Four criminal raids highlight how golf’s biggest brands are fighting fake clubs and protecting golfers from counterfeit gear.

Counterfeit golf gear isn’t marked with a warning label. It shows up looking just good enough and priced just cheap enough to tempt even smart golfers and make them pause. That’s why the latest news out of China matters more than it might seem.

Earlier this month, the U.S. Golf Manufacturers Anti-Counterfeiting Working Group, which is better known inside the industry as The Golf Group, kicked off 2026 with four coordinated criminal raids in Huizhou City, China. Local police detained eight suspects and seized more than 105,000 pieces of counterfeit golf equipment, including clubheads, components, tools and labels bearing the names and trademarks of major manufacturers.

If you add that haul to the running total and the number of products The Golf Group has helped authorities seize, it’s staggering: More than three million fake golf products pulled out of circulation since 2004.
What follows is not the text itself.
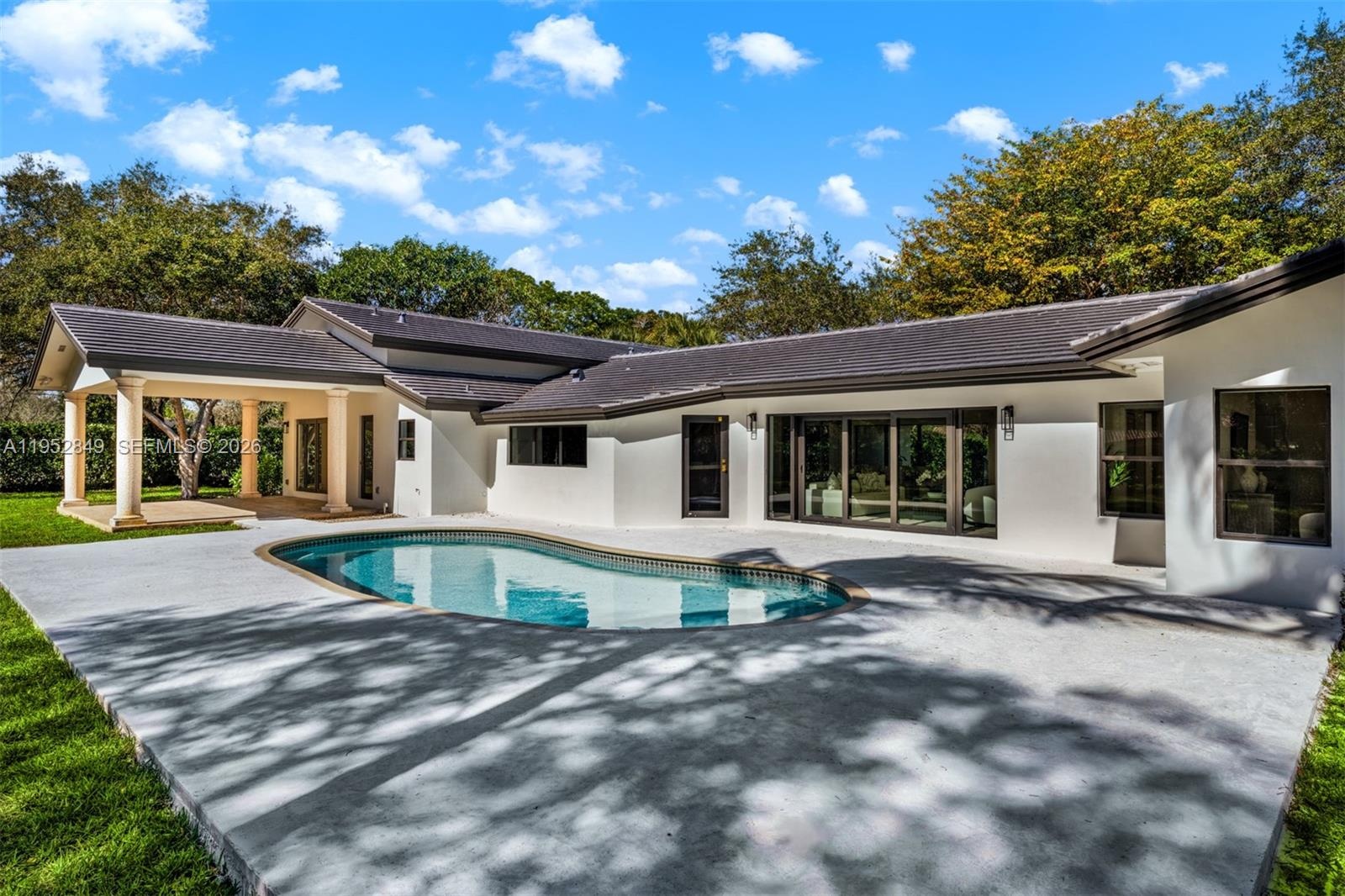 Set on a gated 31,798 SF lot in the heart of Pinecrest, this thoughtfully remodeled 4BD/3.5BA residence offers 4,016 total SF of light-filled living space. The split floor plan flows effortlessly for everyday living and entertaining, with a dedicated office for added flexibility. Comprehensive upgrades include a new roof, plumbing, electrical, AC systems, and full impact glass throughout. The designer kitchen features high-end appliances and refined finishes. The expansive backyard offers room to create a future resort-style retreat. Ideally located near top-rated schools, parks, and dining, this move-in-ready home embodies the best of Pinecrest living.

Counterfeit clubs aren’t just knockoffs. They’re liabilities. They don’t perform like the real thing, they aren’t built to any meaningful safety standards, and they quietly erode trust in the equipment marketplace.

Jud Hawken, associate general counsel for Ping Golf, said, “As we enter 2026, raid actions like these are a constant reminder to counterfeiters across the globe that their actions have consequences. As golf continues to grow in popularity globally, The Golf Group will work tirelessly to educate consumers on the dangers of counterfeit equipment, supporting law enforcement agencies across the world to prosecute perpetrators to the fullest extent of the law.”

The Golf Group’s membership reads like a who’s who of modern gear: Acushnet Company (Titleist, FootJoy, Scotty Cameron), Callaway and Odyssey, Dunlop Sports Americas (Srixon, Cleveland Golf, XXIO), Ping, PXG, and TaylorMade. Over the past two decades, their collective has helped shut down thousands of illegal websites, supported more than 300 raids worldwide, and contributed to the conviction of more than 200 counterfeit sellers and distributors, but this isn’t a problem that is going to disappear after a successful raid, or even four. Counterfeiting follows demand, and golf’s continued popularity makes it a ripe target. The takeaway for golfers is simple: if a deal feels too good to be true, it probably is.